L'eredità delle sorelle Della Morte
Tre sorelle: Ippolita, Lucrezia ed Eugenia, ognuna con un nome che, da solo, promette già un romanzo; e con un medesimo cognome, Della Morte, che evoca suggestioni pirandelliane sulla sua percezione collettiva. Un cognome tanto pesante quanto impegnativo che richiede alle tre sorelle di emanciparsi con un physique du rôle nutrito di sana autoironia. Se poi aggiungiamo che in questo godibilissimo romanzo che si legge tutto d’un fiato, Ippolita, Lucrezia ed Eugenia si ritrovano ad ereditare nientemeno che un’avviatissima impresa di onoranze funebri che somiglia a una piccola holding con ramificazioni e addentellati in Italia e all’estero, si può solo immaginare quanto sia ardua la sfida delle tre sorelle non solo per sopravvivere al loro inquietante status familiare, ma anche per orientarsi nella scelta, o nel rifiuto, di un’eredità così ingombrante.

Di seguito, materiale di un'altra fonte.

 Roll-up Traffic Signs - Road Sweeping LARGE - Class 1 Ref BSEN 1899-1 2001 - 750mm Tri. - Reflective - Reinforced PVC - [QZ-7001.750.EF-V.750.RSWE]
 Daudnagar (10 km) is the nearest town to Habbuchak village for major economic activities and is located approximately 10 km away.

Dietro le quinte della trama, a dettare le regole del gioco è la perfida e occulta regia della zia delle tre sorelle, Salva Della Morte, passata a miglior vita, ma che costituisce il vero convitato di pietra di questo romanzo scritto con garbo e ironia, e che ammicca al più genuino humour nero della tradizione britannica.

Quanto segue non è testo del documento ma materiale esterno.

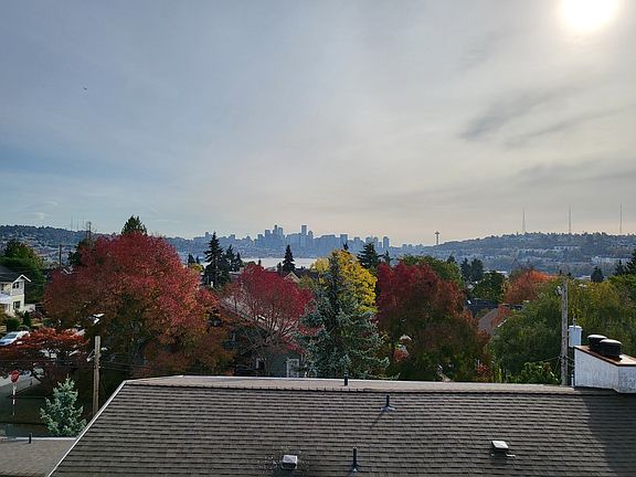Fantastic views of Seattle, Mount Rainier and the Olympics with amazing sunsets! Top floor/entire floor apartment with dedicated balcony (not a shared rooftop). New paint, new carpet, new kitchen, new bathroom. Close to UW, Fremont, Ballard. Bus stop close by. This apartment is part of a quiet 4-plex with great long term residents. Easy street parking. Off street parking may be available at additional cost. No elevator. Rent includes water/sewer/garbage for 2 tenants. Additional contribution to utilities if more than 2 residents. Electrical, phone, internet are not included. First full month + deposit at least signing.

Le autrici, Carla Ravazzolo e Cristina Sartori, hanno attinto a esperienze luttuose, vissute personalmente o nella cerchia delle loro amicizie, esorcizzandole tra le righe di questo romanzo, e proponendo una galleria di situazioni surreali e di umori umanissimi.

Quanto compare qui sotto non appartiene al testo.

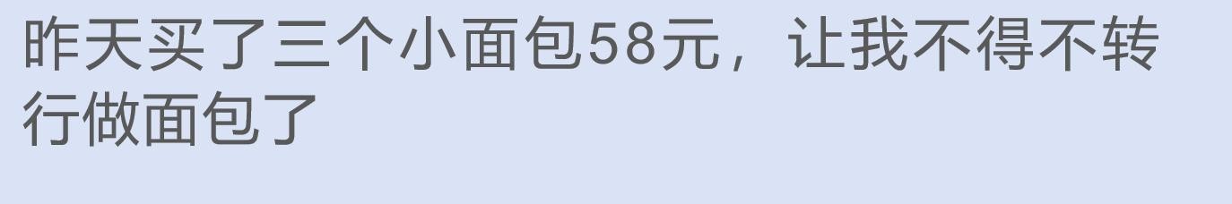 三个小面包就要 58 元,难怪你都动了转行做面包的念头呢。

Guardare al mesto ultimo commiato con un appeal più leggero è la confessata ambizione – e l’impeccabile esito – de L’eredità delle sorelle Della Morte, un romanzo dal ritmo incalzante, con colpi di scena imprevedibili e provocatori, capace di pungolare il nostro sgomento, ma, allo stesso tempo, di sublimarlo attraverso un approccio al delicato tema della morte che nella scorrevolissima prosa ha un sapore perfino confidenziale ed esilarante, ma non irriverente, e senza farsi mai lusingare dalle malie della farsa poiché, per parafrasare un celebre slogan del ’68: una risata (non) ci seppellirà!